- Theatrical release poster
- Directed by: Ingmar Bergman
- Written by: Ingmar Bergman
- Produced by: Rune Waldekranz
- Starring: Eva Dahlbeck Harriet Andersson Gunnar Björnstrand
- Cinematography: Hilding Bladh
- Edited by: Carl-Olov Skeppstedt
- Release date: 22 August 1955;
- Running time: 87 minutes
- Country: Sweden
- Language: Swedish

= Dreams (1955 film) =

1955 film by Ingmar Bergman

Dreams (Kvinnodröm) is a 1955 Swedish drama film written and directed by Ingmar Bergman.

==Plot==
Susanne is the owner of a model agency in Stockholm. Doris, her most popular model, has an argument with her fiancé, Palle, just before she goes with Susanne to Gothenburg to be photographed in a new collection.

In Gothenburg Doris meets an aging Consul, who sees in her a striking resemblance to his wife, now in a mental hospital. The Consul gratifies Doris's desires for fine clothes and jewelry, and the two spend a strenuously exciting day together, until his daughter arrives and ruthlessly exposes her father's egotism.

Susanne has meanwhile telephoned her ex-lover Henrik and arranged a rendezvous with him. Henrik reluctantly visits her. They have sex and are planning to resume their relationship when his wife arrives.

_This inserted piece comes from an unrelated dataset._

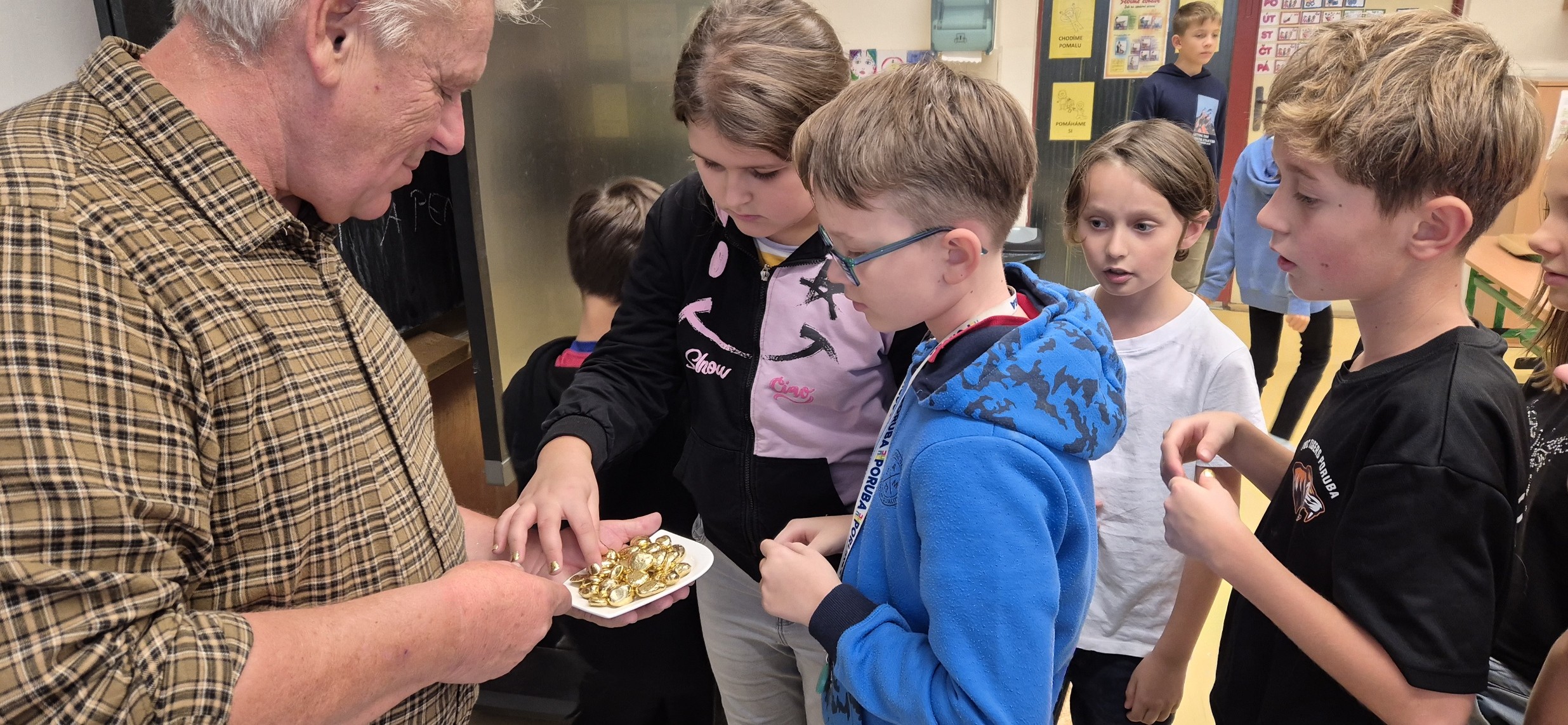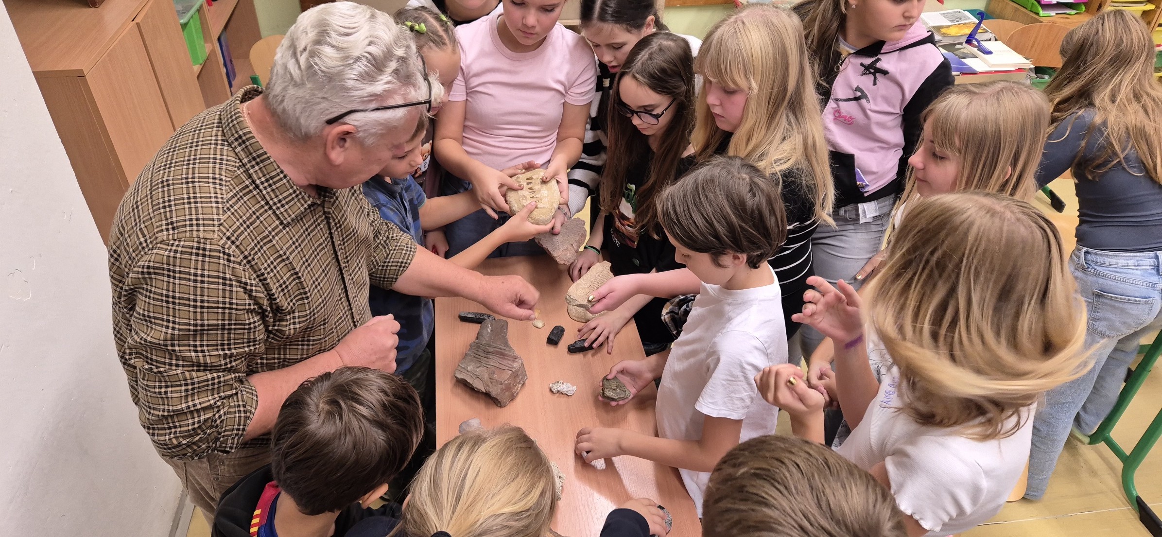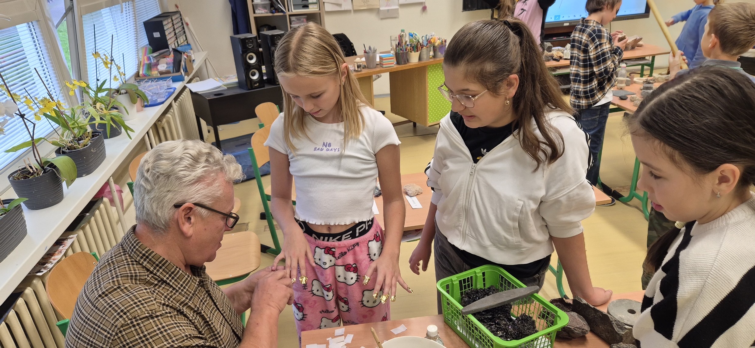 V pátek 10. října 2025 se třída 5. A naší školy zúčastnila bezmála čtyřhodinového cvičení s horninami a nerosty, které vedl pan inženýr Havelka. Do školy přivezl přibližně 200 kg vzorků, se kterými mohli žáci během dopoledne pracovat.

She proves conclusively that Henrik is a weakling. Disillusioned, Susanne returns with Doris to Stockholm, where Doris's fiancé waits.

==Cast==
- Eva Dahlbeck as Susanne
- Harriet Andersson as Doris
- Gunnar Björnstrand as Otto Sönderby
- Ulf Palme as Mr. Henrik Lobelius
- Inga Landgré as Mrs. Lobelius
- Benkt-Åke Benktsson as Mr. Magnus
- Sven Lindberg as Palle Palt
- Kerstin Hedeby as Marianne

==Reception==
Dreams is one of the few Ingmar Bergman films to have received lukewarm reviews (as opposed to a positive reception). The film ranked 6th on Cahiers du Cinéma's Top 10 Films of the Year List in 1958. Review aggregator Rotten Tomatoes reports 40% approval among five critics.